Genetiği değiştirilmiş (GM) farelerin kullanımı gen fonksiyonunu anlamak ve insan hastalıklarının altında yatan mekanizmaları çözmek için çok önemli hale gelmiştir. CRISPR/Cas9 sistemi, araştırmacıların genomu eşi görülmemiş verimlilik, sadakat ve basitlikle değiştirmelerine olanak tanır. Bu teknolojiden yararlanarak, araştırmacılar GM fareler üretmek için hızlı, verimli ve kolay bir protokol arıyorlar. Burada, dondurulan çözülmüş embriyoların daha yüksek gelişimsel oranına yol açan tek hücreli embriyoların kriyopreservation için geliştirilmiş bir yöntem sıyoruz. Optimize elektroporasyon koşulları ile birleştirerek, bu protokol kısa bir süre içinde yüksek verimlilik ve düşük mozaik oranları ile nakavt ve knock-in farelerin üretimi için izin verir. Ayrıca, CRISPR reaktif hazırlama, in vitro fertilizasyon, kriyopreservation ve tek hücreli embriyoların çözülmesi, CRISPR reaktiflerinin elektroporasyonu, fare üretimi ve kurucuların genotiplemesini kapsayan optimize edilmiş protokolümüzün adım adım açıklamasını gösteriyoruz. Bu protokolü kullanarak, araştırmacılar benzersiz bir kolaylık, hız ve verimlilik ile GM fareler hazırlamak gerekir.

Introduction

Kümelenmiş düzenli olarak uzaydan kısa palindromik tekrarlar (CRISPR)/CRISPR ilişkili protein 9 (Cas9) sistemi genom1’debenzeri görülmemiş hedefli modifikasyon sağlayan bilimsel bir atılımdır. CRISPR/Cas9 sistemi Cas9 proteinve kılavuz RNA (gRNA) iki moleküler bileşenden oluşur: hedefe özel CRISPR RNA (crRNA) ve trans-aktive CRISPR RNA (tracrRNA)2. Bir gRNA, Cas9 proteinini genomdaki spesifik lokusa, crRNA’ya bitişik 20 nükleotite ve protospacer bitişik motifine (PAM) yönlendirir. Cas9 proteini hedef sıraya bağlanır ve hatayatkın olmayan homolog uç birleştirme (NHEJ) veya yüksek sadakat homoloji yönelimli onarım (HDR)3,4,5tarafından onarılır çift iplikçikli sonları (DSBs) indükler. NHEJ eklemelere veya/ve silmelere (indels) ve dolayısıyla bir kodlama dizisi hedeflendiğinde gen kaybına yol açar. HDR homoloji dizileri içeren bir onarım şablonu varlığında hassas genom düzenleme yol açar3,4,5. NHEJ ve HDR sırasıyla nakavt ve nakavt fareler üretmek için harnessed edilmiştir.

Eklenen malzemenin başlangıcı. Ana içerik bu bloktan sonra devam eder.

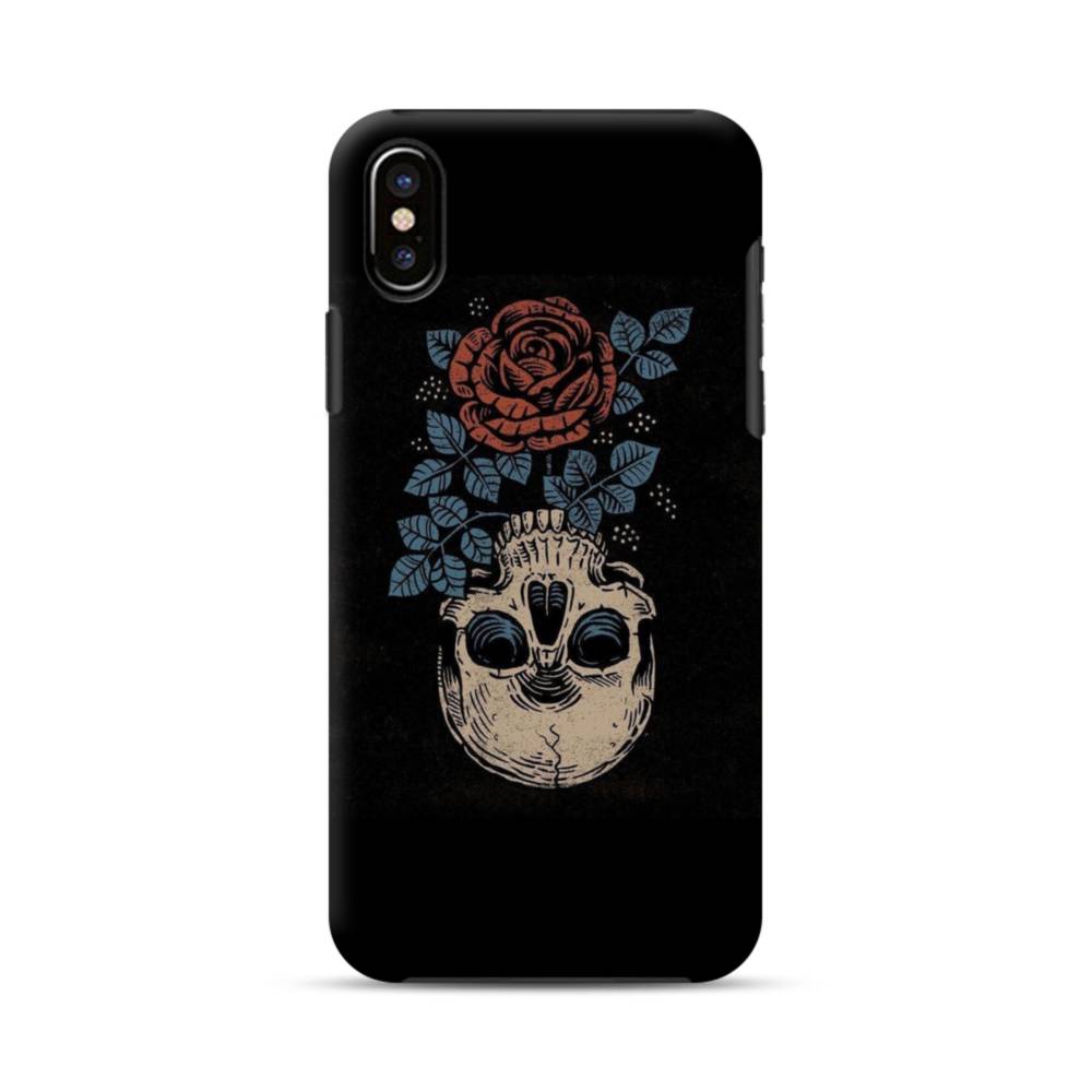 ブラック・ブルー&バラ・頭蓋骨 iPhone XS タフケース
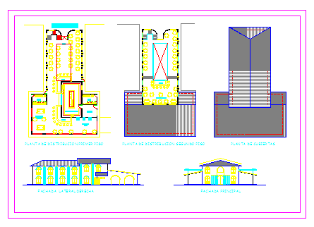Hotel design with plan and elevation with in-out way,restaurant,hall,Barr,dining area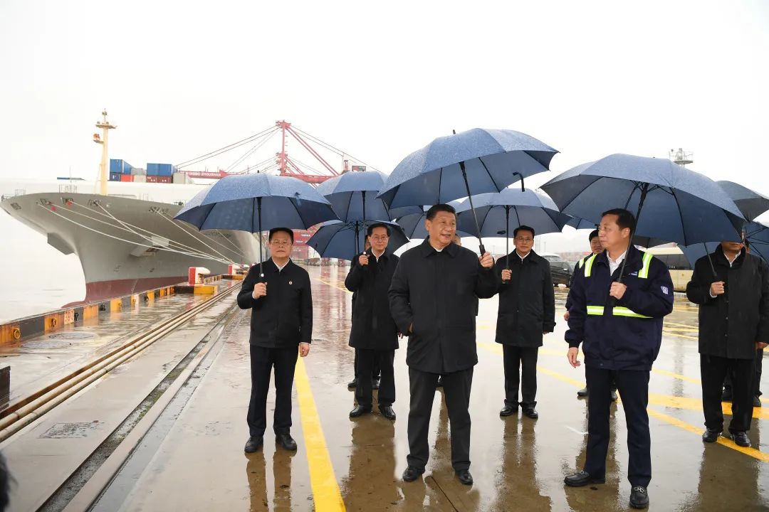 從新華社發出的現場照片看,總書記在寧波舟山港穿山港區碼頭上沒有佩戴口罩。↓↓↓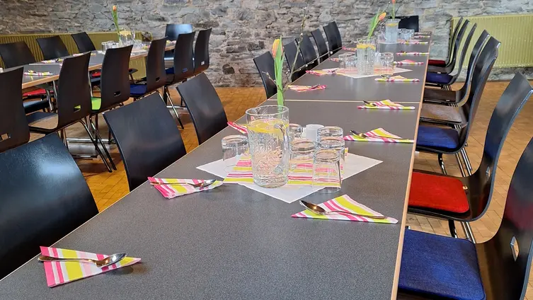 Unser Gemeindezentrum Pfarrscheune besteht aus dem Gemeindehaus und der Pfarrscheune mit Foyer.

CRISPR/Cas9 sistemi olağanüstü etkinlik ve sadakatle GM farelerinin neslini belirgin bir şekilde hızlandırmış olsa da, bu yöntemleri uygulayan bilim adamları genellikle teknik zorluklarla karşılaşır. İlk olarak, konvansiyonel protokoller döllenmişyumurta6,7pronükleus içine CRISPR düzenleme araçları tanıtmak için mikroenjeksiyon gerektirir. Bu teknik zaman alıcıdır ve genellikle kapsamlı bir eğitim gerektirir. Böylece, çeşitli gruplar elektroporasyon8ilemikroenjeksiyon yerine 8 ,9,10,11,12,13. Ancak, erken elektroporasyon protokollerinde elektroporasyon için taze embriyolar kullanılmıştır. Her deney den önce taze embriyo hazırlama zor olduğu için bu, başka bir soruna nedenoldu 14.

Son zamanlarda biz ve diğerleri gmfarelerinüretimini kolaylaştıran genom düzenleme için dondurulmuş çözülmüş embriyolar ve elektroporasyon kullanımı kombine ettik15 ,16. Bu protokol, gelişmiş embriyo manipülasyon becerileri olmadan araştırmacıların hızla yüksek verimlilik ile insan hastalıklarının hayvan modelleri oluşturmak için olanak sağlar. Protokol aynı zamanda önemli ölçüde kurucuları16genetik heterojenlik gibi GM fareler, üreten pratik zorlukları azaltır. Mozaiğiaşmak için, embriyo erimesinden sonra 1 saat içinde CRISPR reaktiflerinin elektroporasyonunu gerçekleştiriyoruz ve düzenlemenin genomun ilk replikasyonundan önce gerçekleşmesini sağlıyoruz. Başka bir gelişme istenmeyen mozaikazaltmak için Cas9 mRNA yerine Cas9 protein kullanımı içerir17. Ayrıca, tek hücreli embriyo kriyopreservation için optimal bir yöntem geliştirdik bu iki hücreli evre için gelişim hızını artırır16: fetal sığır serumu kullanımı (FBS) önemli ölçüde döllenme sonrası donma çözülmüş oositlerin hayatta kalma artırır, belki de donma çözülmüş unfertilized oositler daha esnek kılan aynı mekanizma ile18.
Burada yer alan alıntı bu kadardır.